-- Dataset entries follows --

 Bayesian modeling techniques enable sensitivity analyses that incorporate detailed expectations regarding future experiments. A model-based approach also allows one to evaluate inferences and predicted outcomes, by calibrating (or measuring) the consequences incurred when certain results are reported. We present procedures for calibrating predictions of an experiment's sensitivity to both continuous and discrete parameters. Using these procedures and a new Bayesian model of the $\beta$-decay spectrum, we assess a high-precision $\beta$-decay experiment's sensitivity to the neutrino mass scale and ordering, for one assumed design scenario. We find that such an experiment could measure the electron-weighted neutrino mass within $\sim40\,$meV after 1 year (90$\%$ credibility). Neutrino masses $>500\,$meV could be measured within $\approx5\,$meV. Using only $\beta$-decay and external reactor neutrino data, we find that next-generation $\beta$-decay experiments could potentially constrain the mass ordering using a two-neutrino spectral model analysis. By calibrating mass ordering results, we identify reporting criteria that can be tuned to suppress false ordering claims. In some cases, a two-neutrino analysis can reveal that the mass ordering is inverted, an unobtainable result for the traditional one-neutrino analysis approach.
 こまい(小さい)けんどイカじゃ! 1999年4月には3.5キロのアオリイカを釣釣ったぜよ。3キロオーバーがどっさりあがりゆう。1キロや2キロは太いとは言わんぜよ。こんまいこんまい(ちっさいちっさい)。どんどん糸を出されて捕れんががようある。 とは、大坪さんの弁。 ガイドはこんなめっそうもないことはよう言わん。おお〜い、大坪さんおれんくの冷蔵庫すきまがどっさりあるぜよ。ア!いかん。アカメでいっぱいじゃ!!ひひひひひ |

-- Dataset entries concluded --
-- Dataset entries follows --

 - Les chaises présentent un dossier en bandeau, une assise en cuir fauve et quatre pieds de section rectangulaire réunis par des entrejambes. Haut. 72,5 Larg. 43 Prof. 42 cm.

-- Dataset entries concluded --
-- Dataset entries follows --

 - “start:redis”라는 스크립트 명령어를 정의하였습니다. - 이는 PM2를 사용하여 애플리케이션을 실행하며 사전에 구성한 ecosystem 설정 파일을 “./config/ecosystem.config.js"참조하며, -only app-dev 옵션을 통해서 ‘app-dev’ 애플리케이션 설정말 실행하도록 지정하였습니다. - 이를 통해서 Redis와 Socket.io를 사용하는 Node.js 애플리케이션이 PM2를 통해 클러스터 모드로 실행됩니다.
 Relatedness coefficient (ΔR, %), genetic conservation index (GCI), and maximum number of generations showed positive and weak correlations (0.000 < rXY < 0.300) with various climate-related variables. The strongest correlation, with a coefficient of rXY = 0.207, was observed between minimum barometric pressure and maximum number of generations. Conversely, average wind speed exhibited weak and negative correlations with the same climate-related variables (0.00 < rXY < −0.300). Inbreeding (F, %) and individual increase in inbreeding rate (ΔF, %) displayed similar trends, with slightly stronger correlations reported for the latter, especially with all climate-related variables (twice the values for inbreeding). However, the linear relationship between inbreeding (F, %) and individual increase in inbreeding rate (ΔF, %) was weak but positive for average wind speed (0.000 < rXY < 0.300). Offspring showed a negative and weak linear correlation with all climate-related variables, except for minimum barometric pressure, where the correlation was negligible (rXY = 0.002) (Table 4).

-- Dataset entries concluded --

▸ Exercise directions
Scan the records for the word "only". Copy each line where it turns up.

▸ Written solution
 Bayesian modeling techniques enable sensitivity analyses that incorporate detailed expectations regarding future experiments. A model-based approach also allows one to evaluate inferences and predicted outcomes, by calibrating (or measuring) the consequences incurred when certain results are reported. We present procedures for calibrating predictions of an experiment's sensitivity to both continuous and discrete parameters. Using these procedures and a new Bayesian model of the $\beta$-decay spectrum, we assess a high-precision $\beta$-decay experiment's sensitivity to the neutrino mass scale and ordering, for one assumed design scenario. We find that such an experiment could measure the electron-weighted neutrino mass within $\sim40\,$meV after 1 year (90$\%$ credibility). Neutrino masses $>500\,$meV could be measured within $\approx5\,$meV. Using only $\beta$-decay and external reactor neutrino data, we find that next-generation $\beta$-decay experiments could potentially constrain the mass ordering using a two-neutrino spectral model analysis. By calibrating mass ordering results, we identify reporting criteria that can be tuned to suppress false ordering claims. In some cases, a two-neutrino analysis can reveal that the mass ordering is inverted, an unobtainable result for the traditional one-neutrino analysis approach.
 - “start:redis”라는 스크립트 명령어를 정의하였습니다. - 이는 PM2를 사용하여 애플리케이션을 실행하며 사전에 구성한 ecosystem 설정 파일을 “./config/ecosystem.config.js"참조하며, -only app-dev 옵션을 통해서 ‘app-dev’ 애플리케이션 설정말 실행하도록 지정하였습니다. - 이를 통해서 Redis와 Socket.io를 사용하는 Node.js 애플리케이션이 PM2를 통해 클러스터 모드로 실행됩니다.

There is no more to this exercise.